誤字修正のため見返している内に首を捻り回していました。
ひとまず確認は終わったので投稿します。
イリナを泣き止ませた後は練習に打ち込み、あわや遅刻の危機を迎えつつ放課後。
オカルト研究部の部室にてリアスが記録媒体を手にしていた。
「これは若手悪魔の試合を記録したものよ。私達とシトリー眷属のものもあるわ」
「お前ら以外にも若手たちはゲームをした。大王バアル家と魔王アスモデウスのグラシャラボラス家、大公アガレス家と魔王ベルゼブブのアスタロト家、それぞれがお前らの対決後に試合をした。それを記録した映像だ。ライバルの試合だから、よーく見ておくようにな」
「「「はい」」」
リアスとアザゼルの言葉の通り、記録媒体にはゲームの様子が記録されていた。
ゲームの映像を見るのが初めてな一誠やゼノヴィアが興味津々という様子でモニターを見つめる中、最初に流れたのはサイラオーグとゼファードルの試合だった。
初めてのレーティングゲーム観戦ということもあり、興奮していた一誠だったが、すぐに浮ついた気持ちは取り払われた。
サイラオーグとゼファードルの眷属同士の戦いは白熱していた。両眷属とも強力であり、ゲームに臨むにあたって参考になる部分も多かった。
問題は、「王」同士の戦いである。
最終的に駒をすべて失ったゼファードルがサイラオーグを挑発し、一騎打ちを挑むと、サイラオーグはそれに躊躇なく乗った。
一騎打ちが始まり、ゼファードルの攻撃が始まるも、サイラオーグは拳だけでそれを弾き、前進する。
ゼファードルの攻撃は十分に強力なのだが、何の障害もないかのように近づいてくるサイラオーグに焦りが生まれ、動きが淀んだ途端にサイラオーグが距離を詰め、拳を繰り出した。
幾重にも重ねた防御がまるで障子紙かのように破られ、ゼファードルへと拳が突き刺さる。
映像越しでもその衝撃が伝わる一撃にゼファードルは膝を折り、うずくまった。
追撃をゼファードルは体勢悪くも避けたが、その一撃が建物を破壊し、周囲の景色を変えていく。
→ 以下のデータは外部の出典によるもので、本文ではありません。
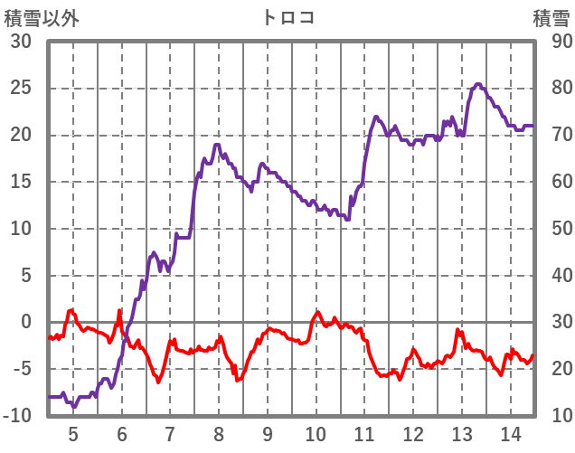 | 日 | 時 | 気温 | 降水 | 風向/風速 | 日照 | 積雪 | 降雪 |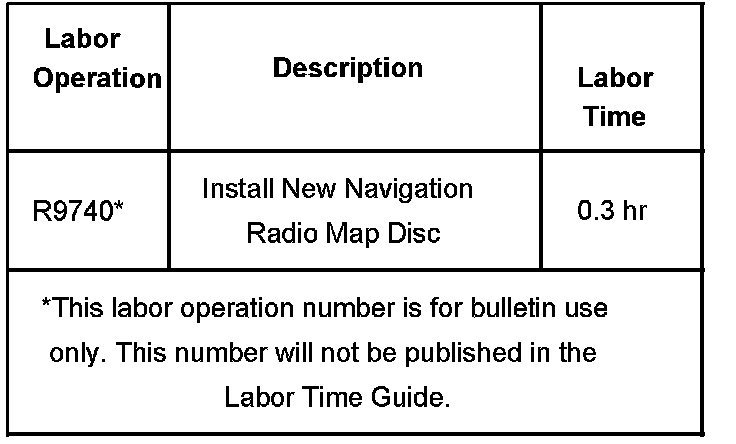 Install the new map disc into the navigation radio and verify proper operation of the navigation system. The conditions listed above will be corrected automatically the first time the new map disc is inserted into the radio. No setup procedure is required.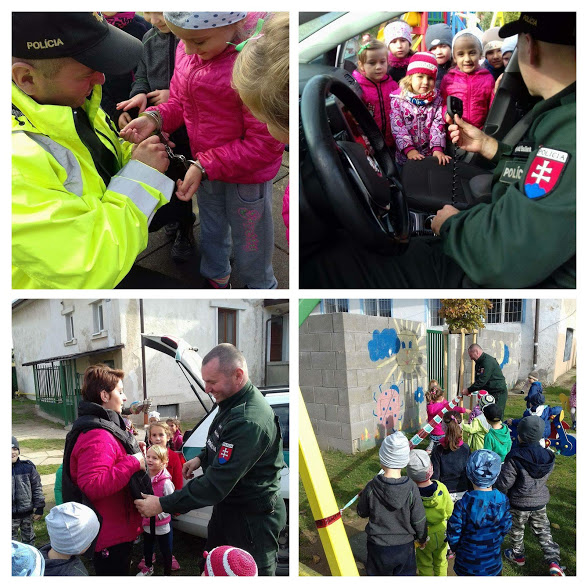 Deti na chvíľu takmer stratili dych, keď videli ako k nám do dvora materskej školy jedno slnečné predpoludnie prichádza policajné auto so zapnutou sirénou. No prvotné rozpaky sa rozplynuli, keď z neho vystúpili usmiaty ujovia policajti, ktorí deti postupne oboznámili s povinnou výbavou mužov zákona.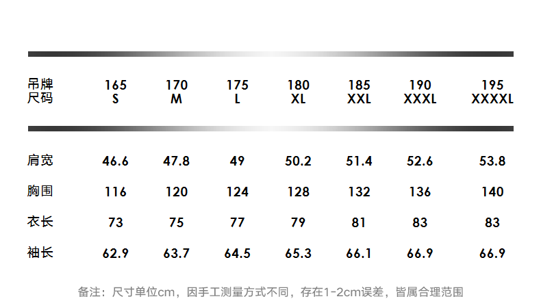 China (cm) 165 / 88-90 170 / 96-98 175 / 108-110 180 / 118-122 185 / 126-130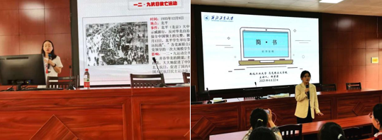 之后,硕士生党支部书记王慧新对送讲党课和团课的情况进行了详细地介绍。为了让青少年在学习中厚植爱党爱国情怀,传承革命红色基因,3044am永利集团党史理论宣讲团为民族中学提供线上党史送讲活动,党史送讲共计10课时。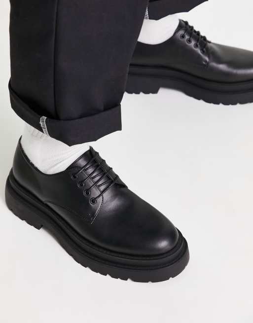 ASOS DESIGN - Sorte Derbysko med chunky sål i imiteret læder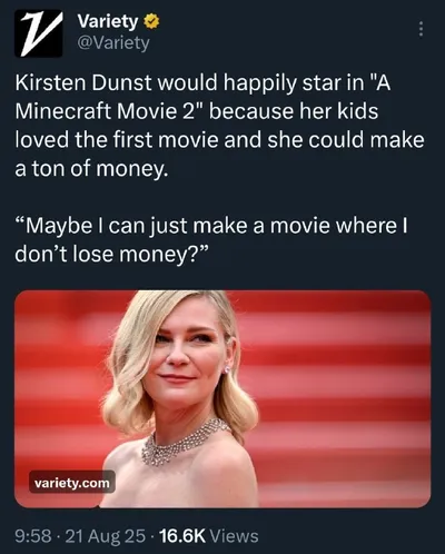 Кирстен Данст хотела сняться в сиквеле «Майнкрафта», чтобы порадовать своих детей и заработать деньжат. Кирстен Данст снимется в сиквеле «Майнкрафта». Будьте как Кирстен Данст.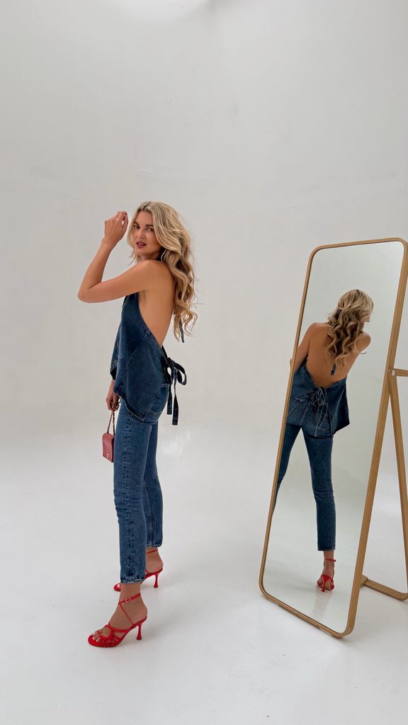 Denim Button-Up Top BeChick ❤ - Made with love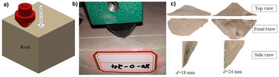 An example of such simple tests is pressing a conical pick into the rock at different distances from the edge of the sample. One of the tests involved pushing the pick vertically down and measuring the resulting chips (Figure 5). During the tests, the force was recorded, which allowed for evaluation of the energy consumption of the process [35].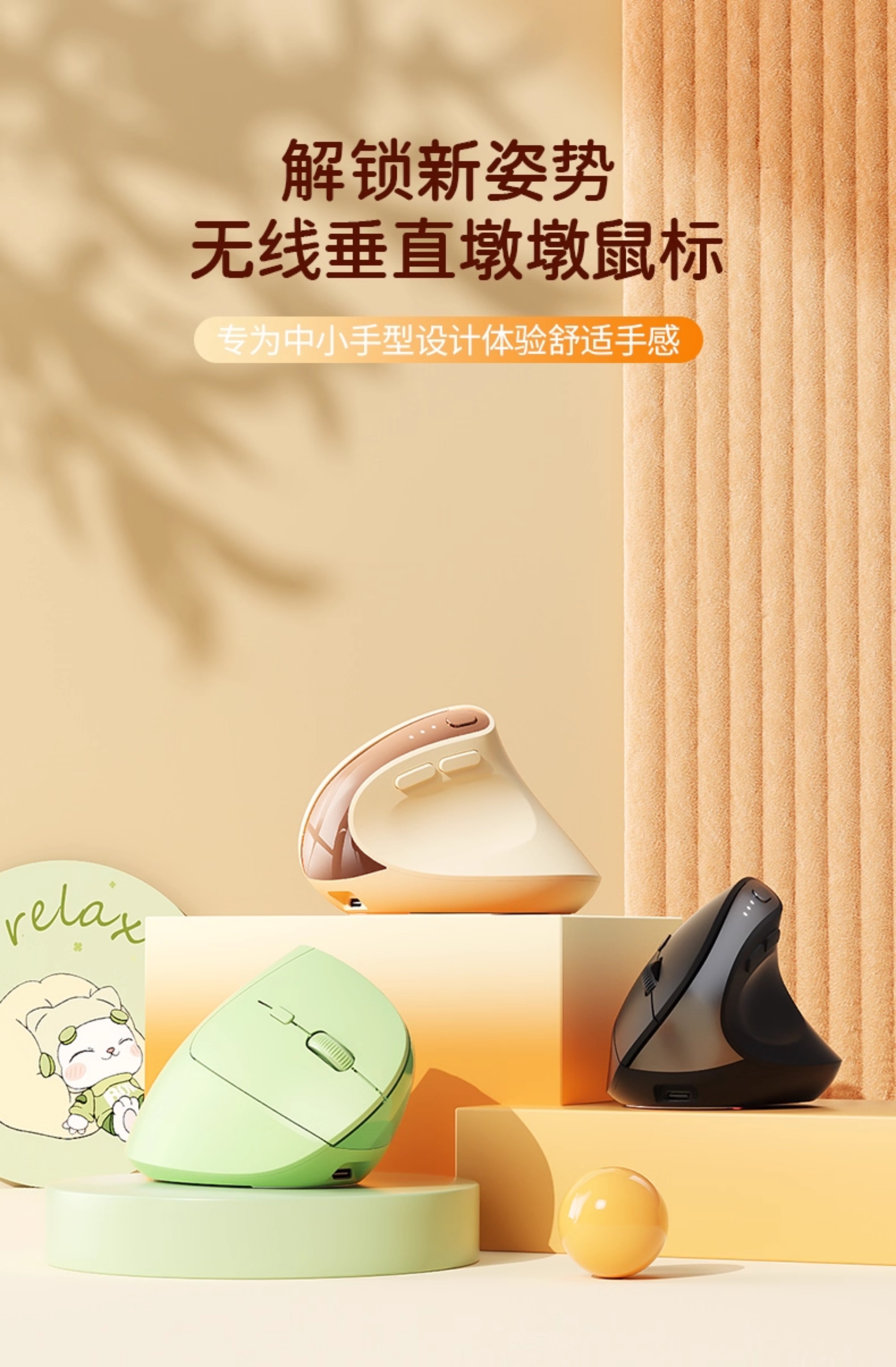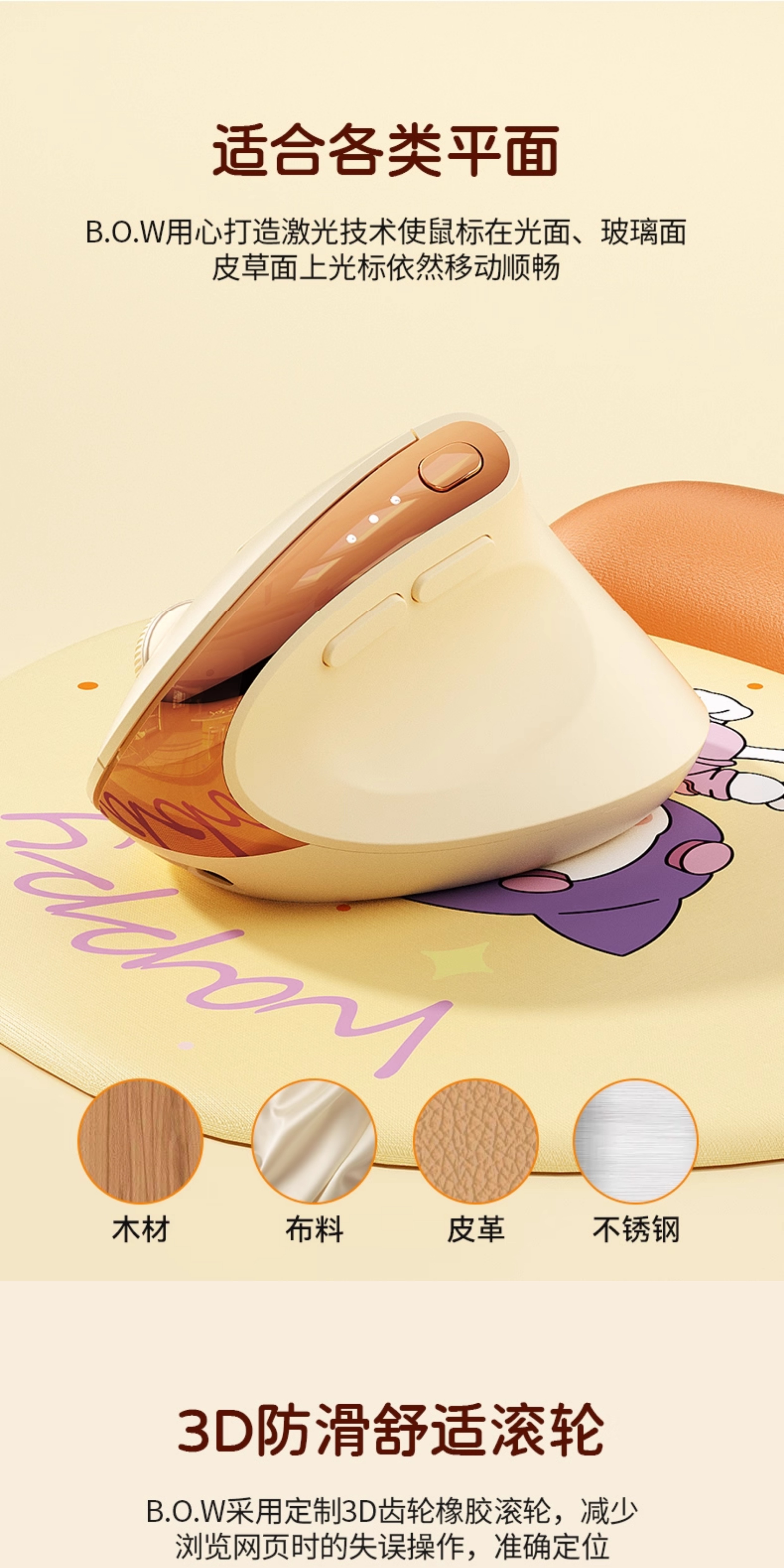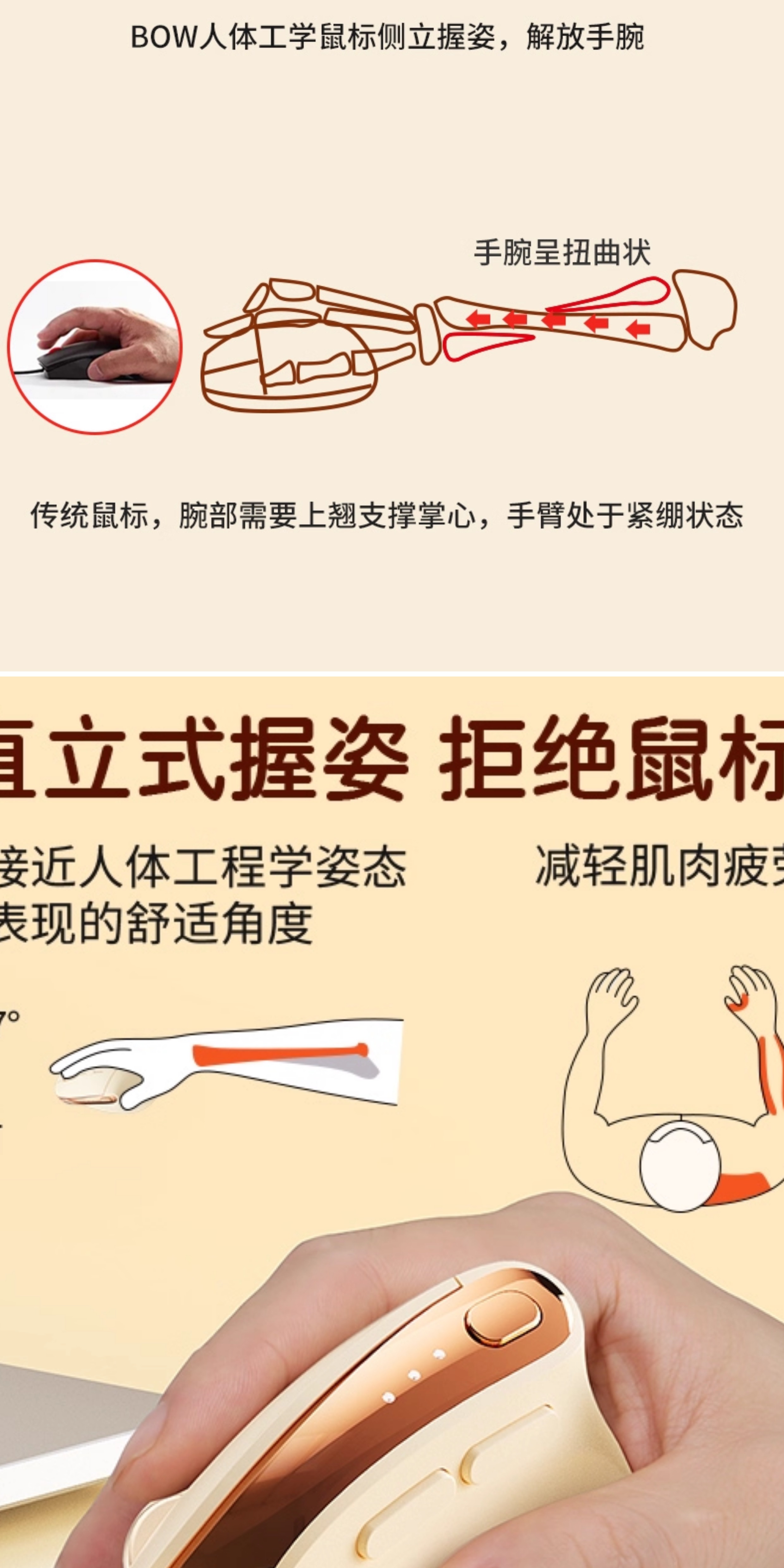 BOW 人體工學無線靜音滑鼠立式可充電垂直護腕男女辦公筆記型電腦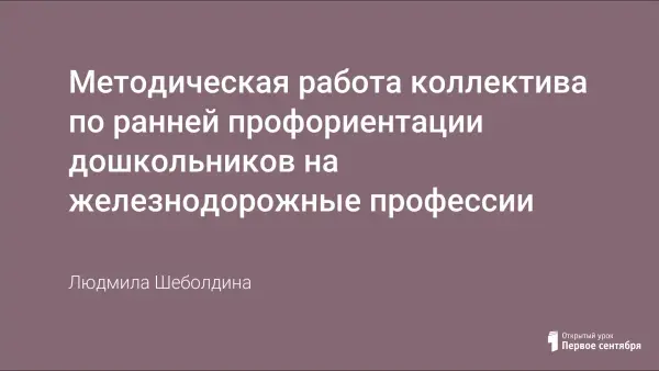 Представляю фрагмент организационно-методической работы коллектива по ранней профориентации дошкольников на железнодорожные профессии, в которую вошли: перспективное планирование работы по закреплению знаний о железной дороге у детей разных возрастных групп, методическая работа с кадрами по проблеме "Формирование представлений о значимости труда железнодорожника", педсовет "Железная дорога - детям не игрушка".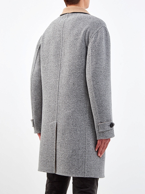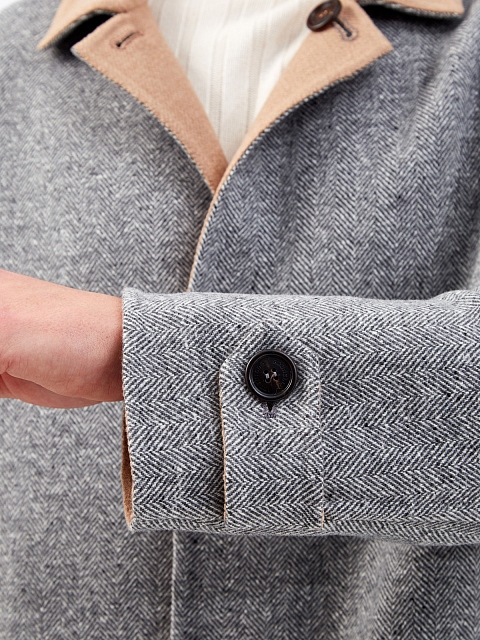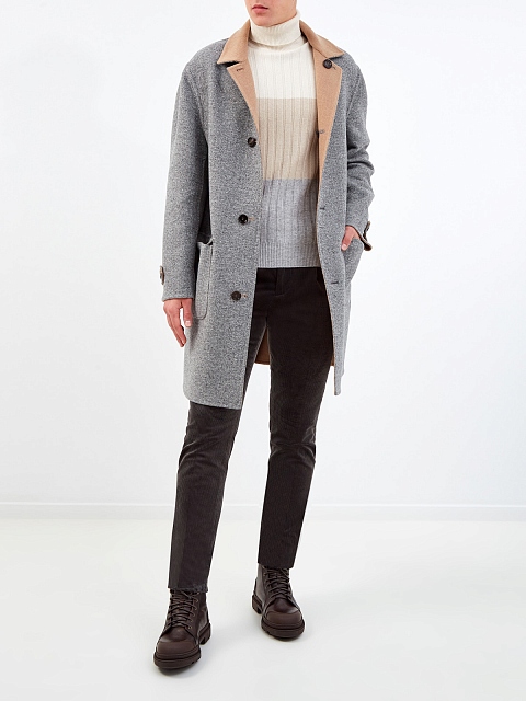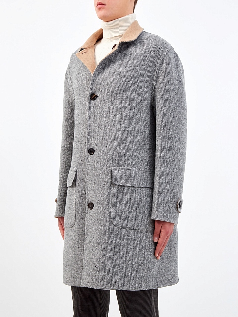 Двустороннее пальто-редингот от Brunello Cucinelli. Полностью натуральный состав из шерсти и кашемира образует теплую ткань оптимальной плотности. Фактурная черно-белая поверхность с шевронным узором дополнена матовой стороной в универсальном бежевом цвете. Ручная отделка обеспечивает максимальный комфорт и подчеркивает культовые ценности Модного дома. Детали: воротник с лацканами, застежка на пуговицы из рога, шлица для свободы движений. Сделано в Италии.

「……凶児と呼ばれ、忌み嫌われたグラシャラボラスの新しい次期当主候補がまるで相手になっていない。ここまでのものか、サイラオーグ・バアル」
映像では追うのがやっとであるサイラオーグの動きを見つつ、祐斗が険しい顔で告げる。
天魔は画面で繰り広げられる暴威にギャスパーが怯え、自身へとすがりつくのに苦笑しつつ、頭をなでて落ち着かせようとするが、震えが伝わるばかりだった。
「リアスとサイラオーグ、おまえらは「王」なのにタイマン張りすぎだ。基本、「王」ってのは動かなくても駒を進軍させて敵を撃破していきゃいいんだからよ。ゲームでは「王」が取られたら終りなんだぞ。バアル家の血筋は血気盛んなのかね」
苦言を呈するアザゼルにリアスが顔を赤くして黙り込む。
過去二戦で両方とも「王」同士のタイマンへと持ち込んだ事実に何もいえなくなっていた。
「そういや、あのヤンキー悪魔って、どのぐらい強いんですか?」
「今回の六家限定にしなければ決して弱くないわ。といっても、前次期当主が事故で亡くなっているから、彼は代理ということで参加しているわけだけれど……」
「若手同士の対決前にゲーム運営委員会が出したランキングでは、一位がバアル、二位がアガレス、三位がグレモリー、四位がアスタロト、五位がシトリー、六位がグラシャラボラスでしたわ。「王」と眷属を含み平均で比べた強さランクです。それぞれ、一度手合わせして、一部結果が覆ってしまいましたけれど」
「しかし、このサイラオーグ・バアルだけは抜きんでているということですか」
一誠の疑問にリアスと朱乃が答え、そこから導き出された一誠の答えにリアスが頷いた。
「ええ、彼は怪物よ。「ゲームに本格参戦すれば短期間で上がってくるのでは?」と言われているわ。逆を言えば彼を倒せば、私達の名は一気に上がる」
リアスの言葉に少し考え込む一誠だったが、ふと思い至ったのか、恐る恐る口に出す。
「もしかして、ライザーより強かったり?」
「両者がやってみないとわからないけれど、私の贔屓目で見てもサイラオーグの方が強い気がするわ」
リアスの言葉に一誠が目を見開く。当時歯が立たなかったライザーより強いという言葉に、一誠の視線が天魔を捉える。
当の天魔は震えるギャスパーをあやしており、一誠の視線には気づかなかった。
「ま、グラフを見せてやるよ。各勢力に配られているものだ」
そういうとアザゼルが術を発動し、立体映像のグラフが現れた。
リアスやソーナ達若手悪魔の顔と名前が表示され、各パラメータの表示とともに棒グラフが伸縮する。
パワー、テクニック、サポート、ウィザードという駒の評価として一般的なパラメータに加え、キングと書かれた項目が加わっていた。
「王」としての資質と考えられるパラメータはサイラオーグ、シーグヴァイラ、ソーナ、リアス、ディオドラ、ゼファードルの順となっており、サイラオーグ、ディオドラ、ゼファードルが、それぞれの前後との開きがあった。
リアスのパラメータはウィザードが一番伸び、パワーもそれなりの伸びを見せたが、テクニック、サポートは平均をやや超える程度だった。
問題はサイラオーグだ。
サポート、ウィザードは若手悪魔の中でもっとも低いが、パワーがダントツであり、部室の天井に達する程に伸びる。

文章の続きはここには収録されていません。